Large for gestational age (LGA) newborns which comprised less than 5% of the total population of newborns were included in the AB category.
Statistical analysis
Prevalence and 95% confidence interval (95%CI) of PTB and SGA for each disease were obtained over the total number of mothers with that particular disease. The diseases with higher-than-expected PTB or SGA frequencies were identified.
The expected number of cases for each disease in categories PTB and SGA was calculated based on the frequency of observed infants born to mothers without disease for each respective category. The observed/expected ratio and its 95%CI was estimated for a Poisson distribution.
A multinomial logistic regression was applied to estimate the confounding effect of the included variables for each of the 14 diseases.
Odds ratios (OR) and their 95%CI were obtained to identify variables associated with PTB or SGA.

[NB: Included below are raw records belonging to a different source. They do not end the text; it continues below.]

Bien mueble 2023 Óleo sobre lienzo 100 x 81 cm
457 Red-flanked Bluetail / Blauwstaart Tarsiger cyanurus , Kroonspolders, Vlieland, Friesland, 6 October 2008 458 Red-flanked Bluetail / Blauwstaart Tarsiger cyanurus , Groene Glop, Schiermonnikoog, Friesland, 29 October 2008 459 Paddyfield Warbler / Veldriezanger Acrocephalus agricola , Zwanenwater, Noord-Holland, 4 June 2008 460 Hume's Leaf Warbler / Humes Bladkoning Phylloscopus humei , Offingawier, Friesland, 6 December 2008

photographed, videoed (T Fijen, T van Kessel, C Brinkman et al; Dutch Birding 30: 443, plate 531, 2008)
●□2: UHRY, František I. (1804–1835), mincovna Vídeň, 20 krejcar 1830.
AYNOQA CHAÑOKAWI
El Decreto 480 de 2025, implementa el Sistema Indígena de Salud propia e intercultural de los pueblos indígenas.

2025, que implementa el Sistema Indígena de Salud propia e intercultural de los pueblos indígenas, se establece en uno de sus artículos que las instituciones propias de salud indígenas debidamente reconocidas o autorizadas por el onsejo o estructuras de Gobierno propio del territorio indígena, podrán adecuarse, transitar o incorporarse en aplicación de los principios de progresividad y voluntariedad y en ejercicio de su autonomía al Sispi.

A logistic regression was applied to adjust the risk for PTB or SGA of diseases with significantly higher observed than expected PTB or SGA prevalence. For each disease, it included the confounding variables significantly associated both with that disease and with the adverse perinatal outcome.
Ethics approval
The study protocol was approved by the Ethics Committee “Centro de Educación Médica e Investigaciones Clínicas (CEMIC)” (DHHS-IRB #1745, IORG #1315). Written signed informed consents were obtained from all subjects participating in the ECLAMC program before data collection. All data were fully anonymized prior to their utilization.
RESULTS
The ECLAMC registry covers all South American countries except the Guyanas. From an unselected population of postpartum women, around 30% reported having suffered illnesses during pregnancy; of these, approximately 70% had had one or more of the 14 most frequent diseases. The prevalence of diseases can be found in Table 1 and the prevalence of PTB and SGA by disease is available in Table 2.

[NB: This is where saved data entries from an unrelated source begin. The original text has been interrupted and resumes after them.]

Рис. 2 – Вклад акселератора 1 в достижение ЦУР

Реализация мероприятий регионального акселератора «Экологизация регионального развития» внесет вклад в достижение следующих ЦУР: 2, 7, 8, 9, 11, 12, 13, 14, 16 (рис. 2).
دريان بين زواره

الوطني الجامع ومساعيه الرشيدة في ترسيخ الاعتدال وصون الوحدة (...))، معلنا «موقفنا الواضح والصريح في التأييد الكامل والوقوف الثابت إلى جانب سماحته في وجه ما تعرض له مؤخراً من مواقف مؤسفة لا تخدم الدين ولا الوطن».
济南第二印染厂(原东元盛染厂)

Prevalence of preterm birth and small for gestational age by disease in a sample of 56,232 South American women.
Table 3 presents the association of confounding variables with PTB and SGA in women without diseases during pregnancy and Table 4 shows the significant associations between these variables and the most frequently reported diseases. Four confounding variables showed association with PTB (maternal age <20, previous fetal loss, low socioeconomic level, and African-American ancestry), three of which (previous fetal loss, low socioeconomic level, and African-American ancestry), plus primigravidity and maternal age ≥30, were also associated with SGA.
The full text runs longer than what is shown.